How to Set Your Standards

Your standards include your values and performance expectations. They represent what’s important to you, what you stand for, and where you draw the line.

You’ve had standards to follow in the military and your professional life. What about setting them for yourself and your future?

Doing so helps you determine what organizations and people deserve your support, how to tell if something is a good fit for you, and how you decide to act when facing complex issues that don’t seem to have a clear right or wrong answer.

Four tools can help you determine, define, and practice your standards.

First, decide what values are most important to you.

To do that, you need a system of principles or virtues that you prioritize and then select supporting values. Most religions and philosophies have such systems.

I’ve developed this quiz that uses the ancient Greco-Roman Cardinal Virtues of Wisdom, Justice, Courage, and Self-Discipline. The questions help you determine the two most important principles and corresponding values.

Once you have decided on your top three to five values, you should also set your most crucial performance expectations. These are likely to change over time. For example, you might state that you want to exercise at least three days per week to maintain your physical well-being.

Second, apply the simple “X so that Y” formula to each standard.

Here are some examples:

  • Treat people with respect so that each person feels welcome and valued.
  • Build trust so that people can rely on you to do X, Y, Z.
  • Eat dinner with my family five times a week and have a quality conversation so that we come closer as a family, develop critical thinking skills, and encourage each other to speak our minds respectfully

Third, use the pressure gauge to flesh out these standards.

As you can see from the picture, the pressure gauge has three sections.

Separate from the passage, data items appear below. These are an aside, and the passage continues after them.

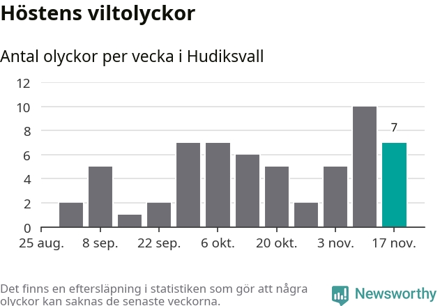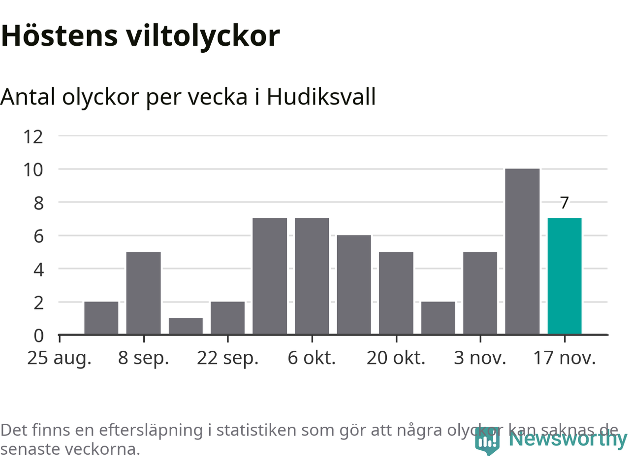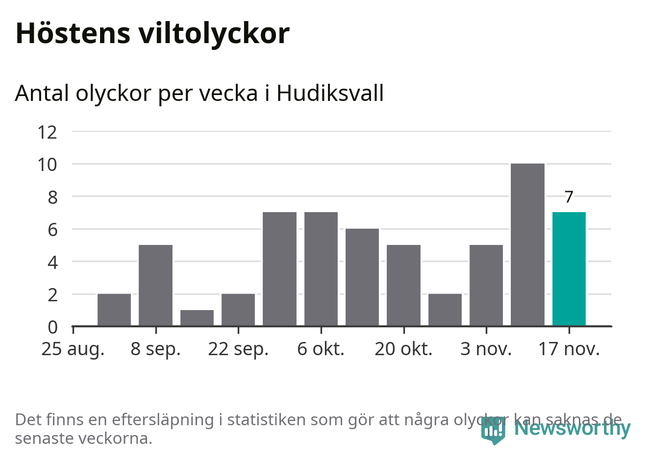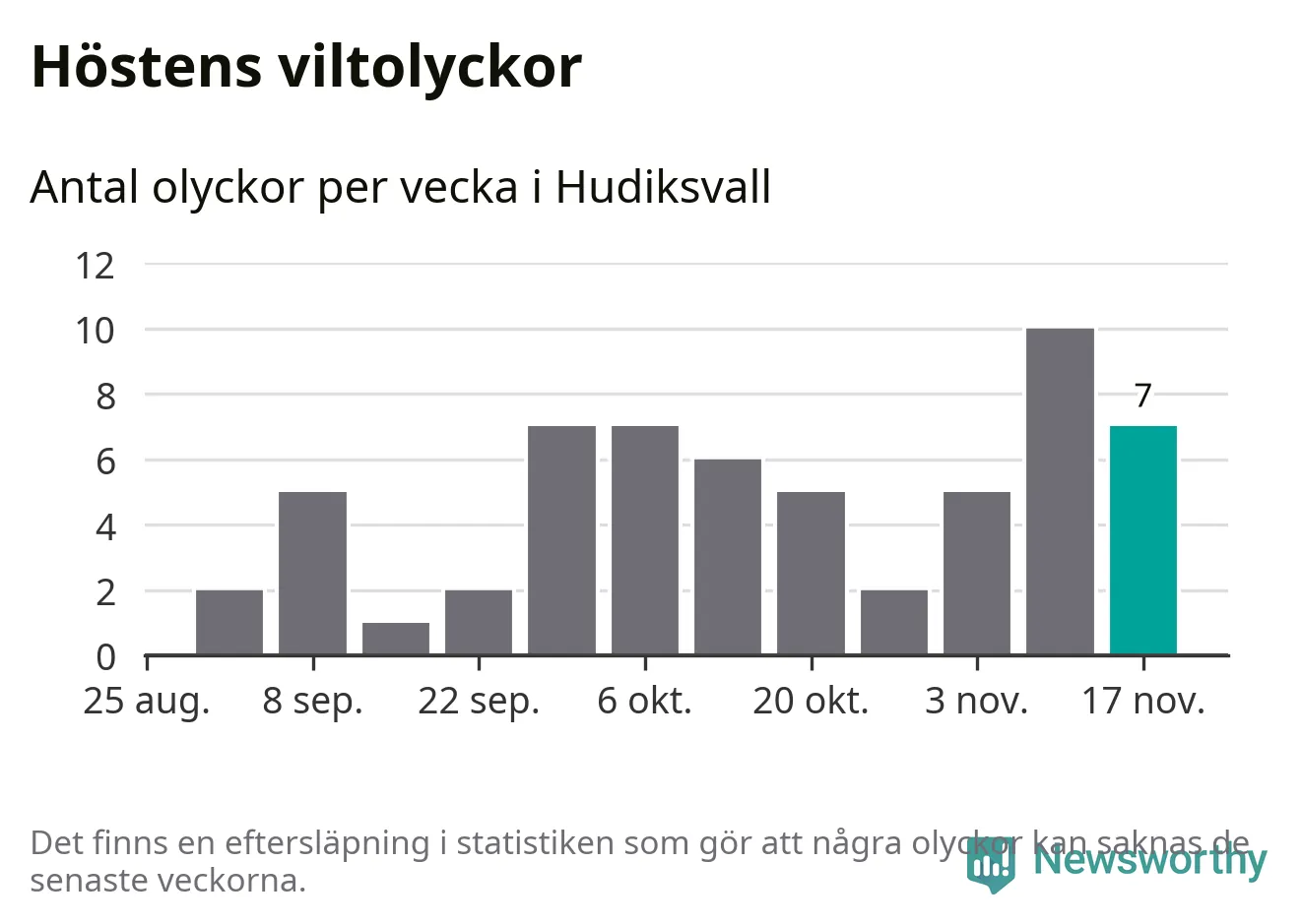 Hittills har sju viltolyckor rapporterats in i Hudiksvalls kommun från vecka 47. Se listan här.
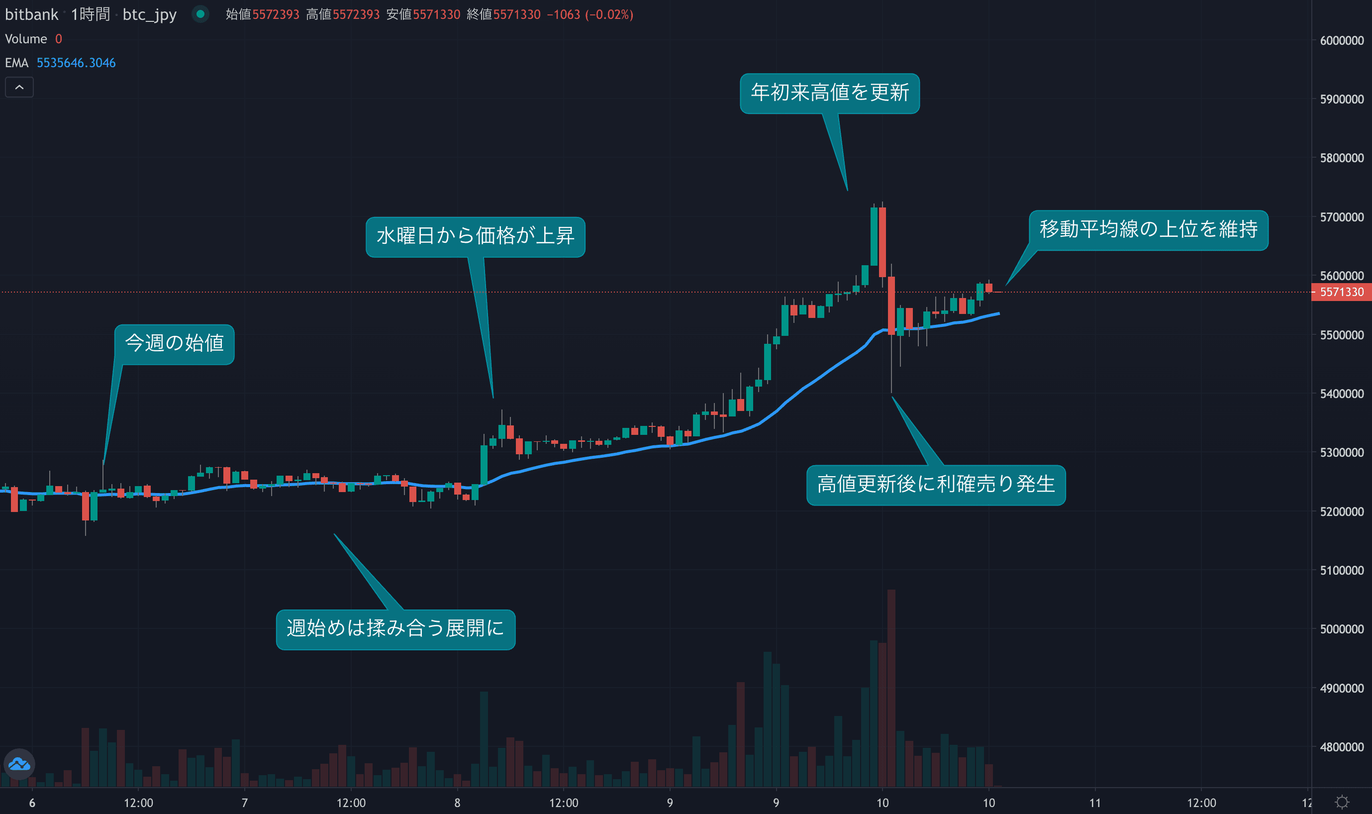 - 今週のビットコインは11月5日の523万円から取引が始まりました。週始めは揉み合う展開となり、24時間移動平均線(EMA)近辺で推移する動きでした。水曜日になると、再度買われ始め価格が上昇し始めました。木曜日の夜には年初来高値となる572万円まで上昇。高値を記録した後に利確売りが発生し、540万円まで下落する動きもありました。一方、現在は再び底堅い動きとなり24EMAの上位で推移しています。今週は高値圏では強い売りもみられましたが、まだ買いが先行している相場となりました。
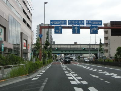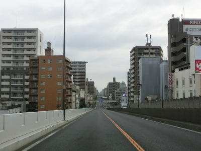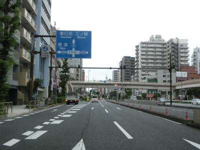 | 右カーブを曲がって短い勾配を上ると千住大橋で隅田川を渡って足立区に入る。橋の勾配を下り切ると足立市場前交差点を通過して京成本線の下をくぐる。その後右にカーブして東京r461千住宮元町交差点を通過する。 | ||
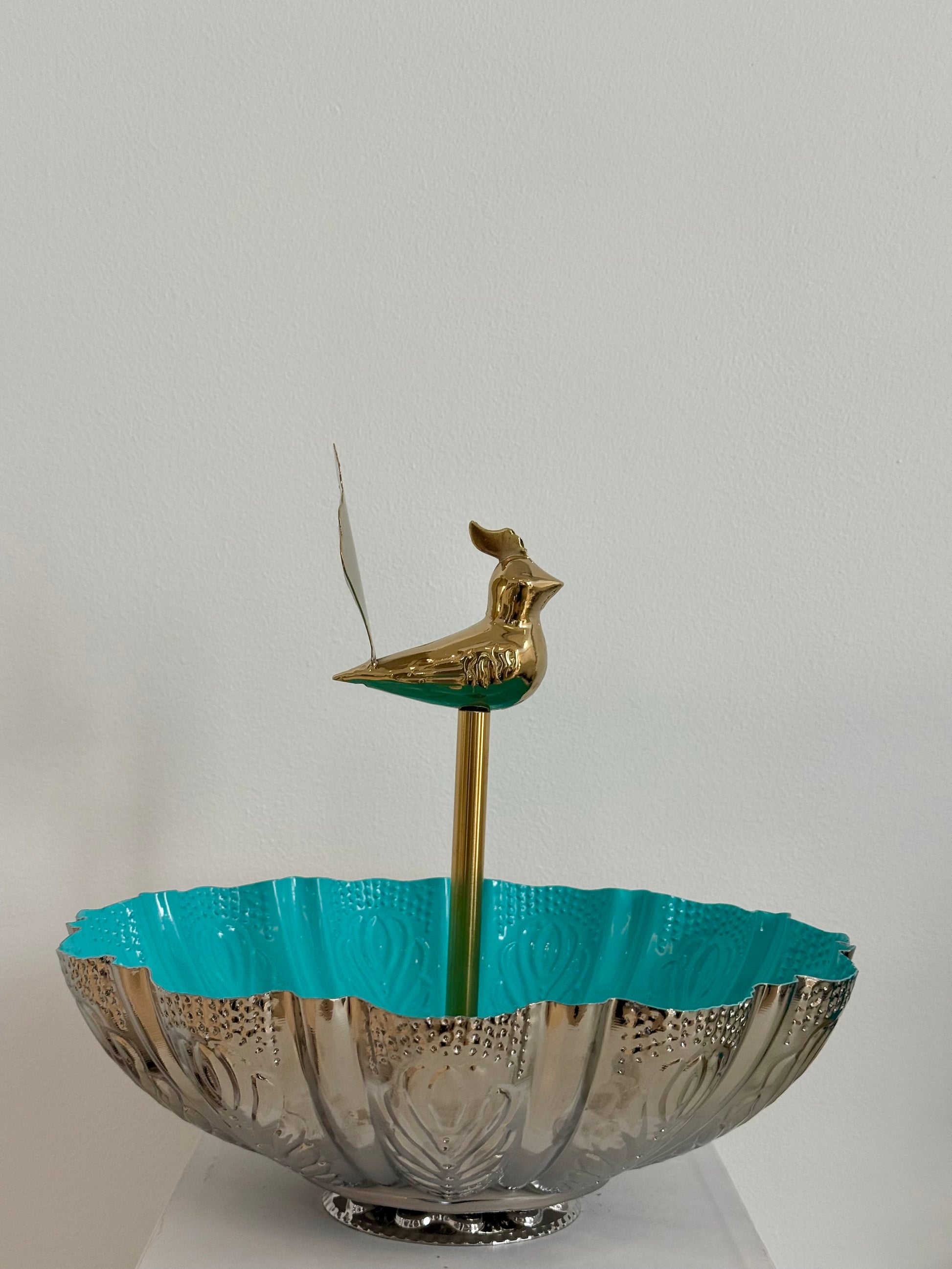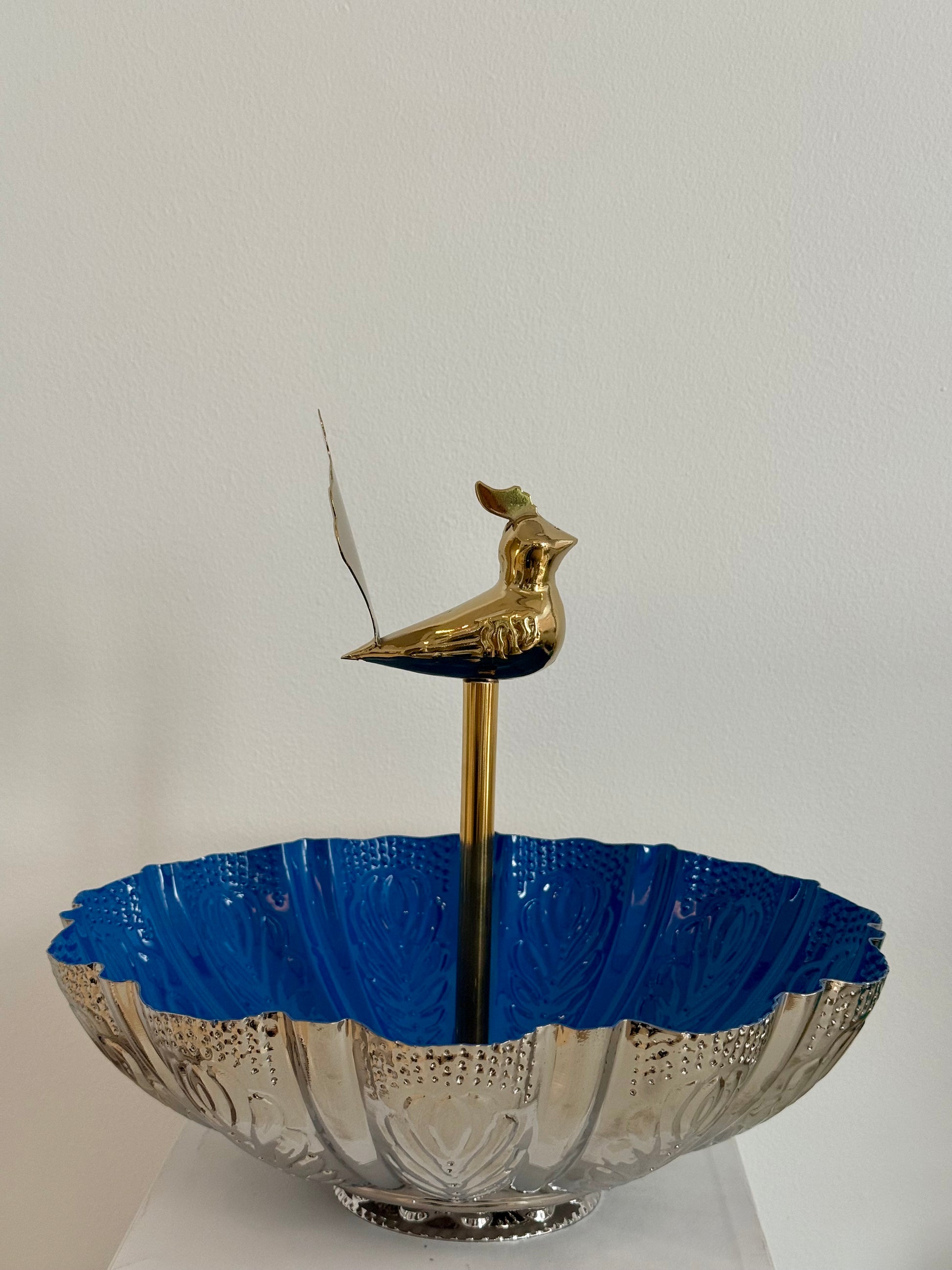 - A hand-crafted metal vessel with a sculptural golden bird handle and luminous blue interior. Designed as both a decorative piece and a functional bowl for fruits or everyday rituals. Finished with a food-safe protective coating.

Yellow and red depict unacceptable in terms of underperformance or excessive pressure, and green indicates what acceptable looks like.

set your standards pressure gauge

The above illustration of Respect includes two examples of too little respect, what excessive pressure looks like, and two examples of just right.

Finally, identify a personal exemplar of the standard.

This gives you a clear model of the desired behavior. In terms of respect, my models are former Under Secretary of Defense Michele Flournoy and Retired Army General Stand McChrystal. They always treated everyone as valuable individuals and gave the person they interacted with their full attention.

How well is this process working for you?